AbiuroAbundante nas regiões do espaço onde se formam as estrelas, em cometas e em corpos celestes pequenos no sistema solar, o ácido fórmico é considerado um possível precursor de moléculas essenciais à vida. Físicos e biólogos acreditam que, quando interage com fontes de nitrogênio, como a molécula de amônia, ele possa contribuir para formar a glicina – o mais simples dos aminoácidos e um dos blocos químicos que compõem as proteínas, encontradas em todos os seres vivos. Mas ninguém sabe ao certo se a molécula de ácido fórmico sobreviveria no espaço o suficiente para se combinar com fontes de nitrogênio e formar aminoácidos. Se estiver desprotegida, parece que não: um estudo realizado por pesquisadores brasileiros em parceria com franceses e publicado neste ano na revista Monthly Notices of the Royal Astronomical Society indica que o ácido fórmico não resiste à ação direta dos raios cósmicos. Em testes que simularam as condições encontradas no espaço, o ácido fórmico foi degradado em água (H2O), monóxido de carbono (CO) e dióxido de carbono (CO2). Mais importante do que a ausência de moléculas maiores, o experimento indica que nessas condições ele não subsiste para participar de reações com outras substâncias.

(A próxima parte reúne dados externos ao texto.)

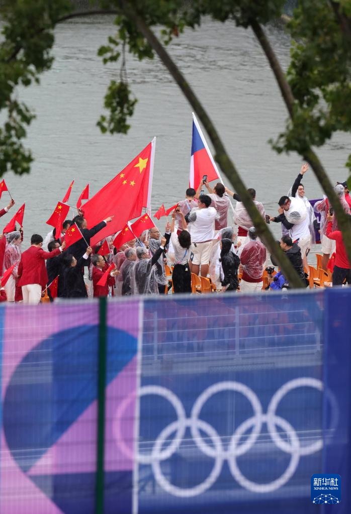 7月26日,中國體(ti) 育代表團成員在開幕式現場。新華社記者 王毓國 攝
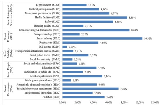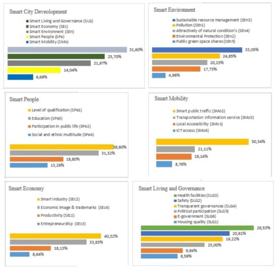 The weight values (%) of the smart city dimensions.
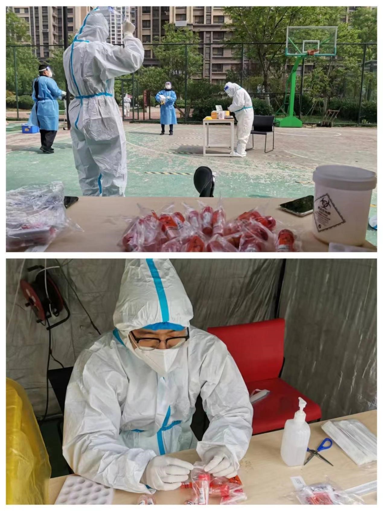 社区疫情防控情况复杂,工作量巨大,但沈俊峰始终保有退伍军人的正直秉性,带领两位年轻人冲锋在前。到岗第二天,三名下沉社区人员就立即投入工作状态,协助社区严格落实每一个居民应检尽检,从早上7点到晚上11点,连续工作十多个小时,完成近3000人的核酸检测工作。
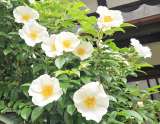 ナニワノイバラが白くて大きな一重の花を咲かせています。暖かい日が続き今満開です。

O astrofísico Alexandre Bergantini, pesquisador da Universidade do Vale do Paraíba (Univap) e autor principal do artigo, conta que o estudo simulou o que aconteceria se raios cósmicos bombardeassem, durante 2 milhões de anos e na presença de água, essas pequenas moléculas pousadas sobre grãos de poeira de até 1 micrômetro, “menor do que o menor grão de poeira encontrado na Terra”, explica o pesquisador. No experimento realizado no Grande Acelerador Nacional de Íons Pesados (Ganil) da cidade de Caen, na França, Bergantini inseriu amostras de ácido fórmico com água em uma câmara de aço inoxidável – em que um equipamento especializado suga todo o ar num processo que pode demorar até uma semana para criar um ultravácuo em baixíssimas temperaturas, cerca de -260 graus Celsius (°C) – e as bombardeou com íons pesados como os de níquel, que viajam o Universo inteiro a altíssimas velocidades, simulando a ação dos raios cósmicos. “Poucos aceleradores de partículas trabalham com íons tão pesados”, explica Bergantini justificando a parceria formada para o estudo. No Brasil, não teria sido possível realizar os experimentos.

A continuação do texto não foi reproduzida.